ARTICLE SUMMARY
Increased risk of cardiometabolic comorbidities in patients with adrenal incidentalomas with and without autonomous cortisol secretion
Yasir Elhassan, Fares Alahdab, Alessandro Prete, et al. Natural history of adrenal incidentalomas with and without mild autonomous cortisol excess. Ann Intern Med. 2019;171(2):107-116.
Incidental detection of adrenal masses has increased due to the use of cross-sectional imaging. These adrenal incidentalomas are found in approximately 5% of patients, with increasing incidence by age. Most adrenal incidentalomas are benign, nonfunctioning adrenal tumors (NFATs), but up to 15% are associated with excess hormone secretion. These secretory adenomas are often associated with autonomous cortisol secretion, a condition characterized by elevated levels of cortisol without the typical physical changes associated with hypercortisolism.* A better understanding of the natural history of these two adenoma types is required to determine appropriate management and follow-up plans for both NFATs and autonomous cortisol secretion.

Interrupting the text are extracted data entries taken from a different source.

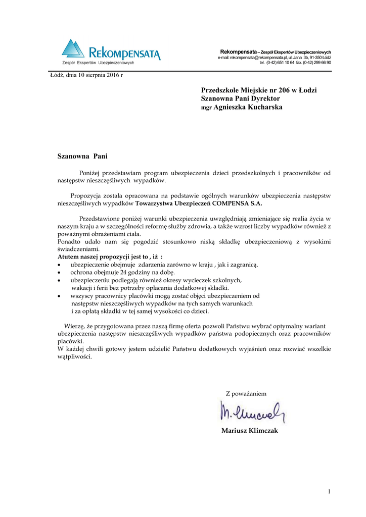 Łódź, dnia 10 sierpnia 2016 r Rekompensata – Zespół Ekspertów Ubezpieczeniowych e-mail: [email protected], ul. Jana 3b, 91-350 Łódź tel. (0-42) 651 10 64 fax. (0-42) 299 66 90 Przedszkole Miejskie nr 206 w Łodzi Szanowna Pani Dyrektor mgr Agnieszka Kucharska Szanowna Pani Poniżej przedstawiam program ubezpieczenia dzieci przedszkolnych i pracowników od następstw nieszczęśliwych wypadków. Propozycja została opracowana na podstawie ogólnych warunków ubezpieczenia następstw nieszczęśliwych wypadków Towarzystwa Ubezpieczeń COMPENSA S.A. Przedstawione poniżej warunki ubezpieczenia uwzględniają zmieniające się realia życia w naszym kraju a w szczególności reformę służby zdrowia, a także wzrost liczby wypadków również z poważnymi obrażeniami ciała. Ponadto udało nam się pogodzić stosunkowo niską składkę ubezpieczeniową z wysokimi świadczeniami. Atutem naszej propozycji jest to , iż : ubezpieczenie obejmuje zdarzenia zarówno w kraju , jak i zagranicą. ochrona obejmuje 24 godziny na dobę. ubezpieczeniu podlegają również okresy wycieczek szkolnych, wakacji i ferii bez potrzeby opłacania dodatkowej składki. wszyscy pracownicy placówki mogą zostać objęci ubezpieczeniem od następstw nieszczęśliwych wypadków na tych samych warunkach i za opłatą składki w tej samej wysokości co dzieci. Wierzę, że przygotowana przez naszą firmę oferta pozwoli Państwu wybrać optymalny wariant ubezpieczenia następstw nieszczęśliwych wypadków państwa podopiecznych oraz pracowników placówki. W każdej chwili gotowy jestem udzielić Państwu dodatkowych wyjaśnień oraz rozwiać wszelkie wątpliwości. Z poważaniem Mariusz Klimczak 1 OFERTA UBEZPIECZENIA NASTĘPSTW NIESZCZĘŚLIWYCH WYPADKÓW DZIECI I MŁODZIEŻY W ROKU SZKOLNYM 2016 / 2017 Ubezpieczenie Następstw Nieszczęśliwych Wypadków zapewnia ochronę: podopiecznym, kadrze dydaktycznej i pozostałym pracownikom placówki dydaktycznej, od.01.09.2016 r. do 31.08.2017 r., na terenie Polski i całego świata. Podstawowa umowa ubezpieczenia obejmuje m.in. następujące świadczenia: 1. świadczenie z tytułu trwałego uszczerbku na zdrowiu - od 1% do 100% sumy ubezpieczenia, zgodnie z tabelą świadczeń stanowiącą załącznik do OWU, 2. świadczenie z tytułu śmierci na skutek NW - 100% sumy ubezpieczenia, 3. świadczenie z tytułu śmierci na skutek NW w środku lokomcji lub w skutek aktów sabotażu i terroru – dodatkowo +50% sumy ubezpieczenia 4. jednorazowe świadczenie z tytułu pogryzienia, ukąszenia, użądlenia 200,00 zł 5. jednorazowe świadczenie z tytułu wystąpienia nieszczęśliwego wypadku w przypadku gdy nie został orzeczony trwały uszczerbek na zdrowiu – 1,5% sumy ubezpieczenia. 6. zwrot kosztów operacji plastycznych w skutek NW – do 40% sumy ubezpieczenia 7. zwolnienie z opłaty składki do 10% ubezpieczonych uczniów. Umowa podstawowa może być rozszerzona o: Limit 40% Klauzula nr 1 – zwrot kosztów leczenia s.u. wskazanej na TU Klauzula nr 2 – dzienne świadczenie szpitalne za pobyt wskutek NW 35 zł za dzień pobytu NW s.u. wskazanej na TU Klauzula nr 3 – jednorazowe świadczenie z tytułu leczenia szpitalnego wskutek Klauzula nr 4 – jednorazowe świadczenie z tytułu poważnego zachorowania Ubezpieczonego Klauzula nr 5 – zasiłek dzienny z tyt. krótkotrwałej niezdolności do nauki Klauzula nr 6 – zwrot kosztów rehabilitacji Klauzula nr 7 – zwrot kosztów naprawy, wypożyczenia lub nabycia środków specjalnych Klauzula nr 8 niepełnosprawnej – zwrot kosztów przeszkolenia zawodowego osoby Klauzula nr 9 – zwrot kosztów pogrzebu prawnego opiekuna Ubezpieczonego Klauzula nr 10 – jednorazowe świadczenia na wypadek śmierci prawnego opiekuna Ubezpieczonego wskutek NW Limit 10% 1 000,00 zł 15,00 zł Limit 40% s.u. wskazanej na TU Limit 40% s.u. wskazanej na TU Limit 50% s.u. wskazanej na TU 1 000,00 zł Limit 15% s.u. wskazanej na śmierć 2 1. TABELA ŚWIADCZEŃ PODSTAWOWYCH Wyszczególnienie wariant A wariant B wariant C 12 000,00 zł 14 000,00 zł 16 000,00 zł Suma ubezpieczenia: Świadczenia: z tytułu trwałego uszczerbku na Zgodnie z Zgodnie z Zgodnie z zdrowiu tabelą w OWU tabelą w OWU tabelą w OWU śmierć na skutek NW 12 000,00 zł 14 000,00 zł 16 000,00 zł śmierć na skutek NW w środku lokomocji lub na skutek aktów sabotażu lub terroru Jednorazowe świadczenie z tytułu zaistnienia NW gdy nie został orzeczony trwały uszczerbek na zdrowiu jednorazowe świadczenie z tytułu pogryzienia, ukąszenia, użądlenia Zwrot kosztów operacji plastycznych w skutek NW SKŁADKA 2. Kl 1 – zwrot kosztów leczenia do 40% su Kl 2 – dzienne świadczenie szpitalne - 35 zł za dobę pobytu w szpitalu na skutek NW Kl 3 – jednorazowe świadczenie z tyt. leczenia szpitalnego na skutek NW – 10% su na NNW Kl 4 – jednorazowe świadczenie z tyt. poważnego zachorowania Kl 5 – zasiłek dzienny z tyt. krótkotrwałej niezdolności do nauki/pracy - 15 zł za dzień Kl 6 – zwrot kosztów rehabilitacji – 40% su na NNW Kl 7 – zwrot kosztów naprawy, wypożyczenia lub zakupu środków specjalnych – 40% su na NNW Kl 8 – zwrot kosztów przeszkolenia zawodowego osoby niepełnosprawnej – 50% su na NNW Kl 9 – zwrot kosztów pogrzebu prawnego opiekuna – 1 000 zł Kl 10 – jednorazowe świadczenie z tyt. śmierci prawnego opiekuna na skutek NW – 15% su na śmierć na skutek NW 21 000,00 zł 24 000,00 zł 180,00 zł 210,00 zł 240,00 zł 200,00 zł 200,00 zł 200,00 zł do 4 800,00 zł do 5 600,00 zł do 6 400,00 zł 12 000,00 zł 14 000,00 zł 34,00 zł TABELA ŚWIADCZEŃ DODATKOWYCH Suma ubezpieczenia NNW Rodzaj świadczenia dodatkowego: 18 000,00 zł 40,00 zł 46,00 zł 16 000,00 zł składka dodatkowa składka dodatkowa składka dodatkowa 11,00 zł 12,00 zł 13,00 zł 2,00 zł 6,00 zł 1,00 zł 2,00 zł 6,00 zł 1,00 zł 2,00 zł 6,00 zł 1,00 zł 6,00 zł 2,00 zł 2,00 zł 1,00 zł 4,00 zł 1,00 zł 6,00 zł 2,00
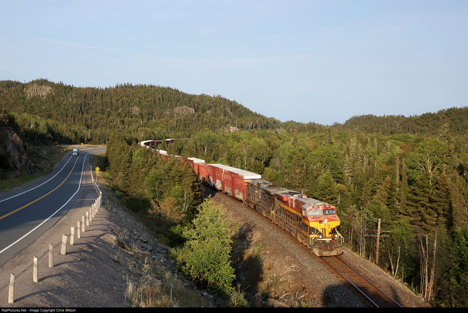 CPKC's Toronto to Winnipeg 421 heads west beside the Trans Canada Highway with a pair of KCS locomotives upfront.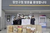한국시사경제 사회팀 | 수원시 장안구는 지난 23일 조원동 소재 예다움태권도에서 원아들과 함께 정성을 모아 관내 어려운 이웃을 위해 라면 1,000개를 기부했다고 전했다. 예다움태권도는 2023년부터 꾸준히 기부 활동을 이어오며 지역사회에 따뜻한 나눔을 실천해 왔으며, 이번 행사 역시 원아들이 직접 참여해 나눔의 의미를 배우고 실천하는 뜻깊은 자리로 마련됐다. 안웅 관장은 “작은 정성이지만 아이들과 함께 나눔을 실천할 수 있어 더욱 의미가 크다”며 “앞으로도 지역사회와 함께 성장하는 도장이 되도록 노력하겠다”고 말했다. 이일희 장안구청장은 “아이들이 직접 참여한 기부라는 점에서 특별한 의미가 있다”며 “꾸준한 나눔 활동이 지역사회에 큰 힘이 되고 있다”고 감사의 뜻을 전했다. 이번 기부는 원아들과 학부모들이 함께 뜻을 모아 진행됐으며 지역사회에 따뜻한 온정을 전하는 계기가 됐다.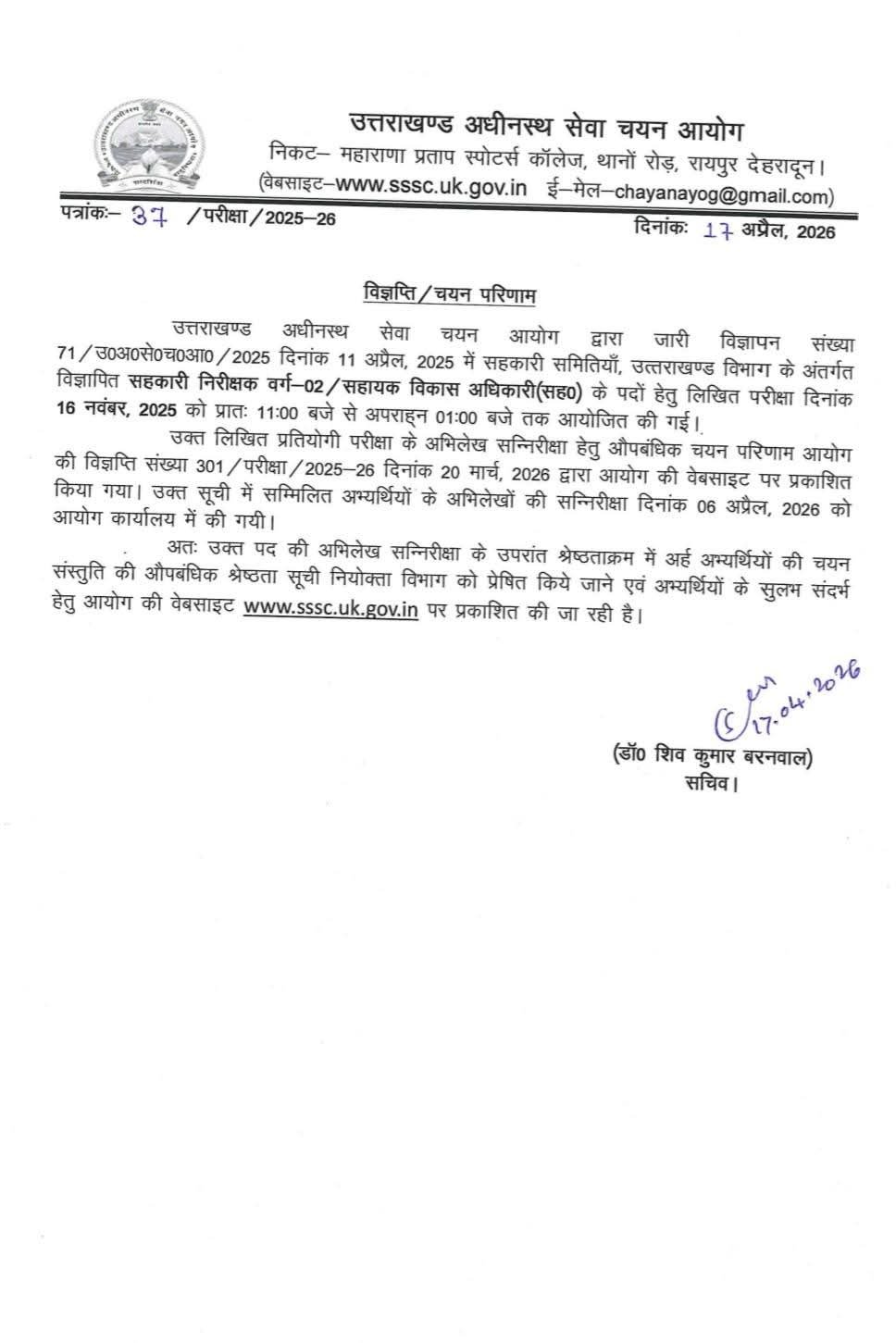 UKSSSC ने जारी किया पदनाम- #सहायकविकासअधिकारी /सहायक निरीक्षक वर्ग-2 का अंतिम परिणाम।

To determine the natural history of adrenal incidentalomas, a systematic review and meta-analysis analyzed 32 studies reporting the outcomes of 4,121 patients with NFAT or autonomous cortisol secretion.† Specific outcomes of interest included adenoma growth, changes in hormone production, the frequency of cardiovascular and metabolic comorbidities‡ between baseline and follow-up, and all-cause and cardiovascular mortality.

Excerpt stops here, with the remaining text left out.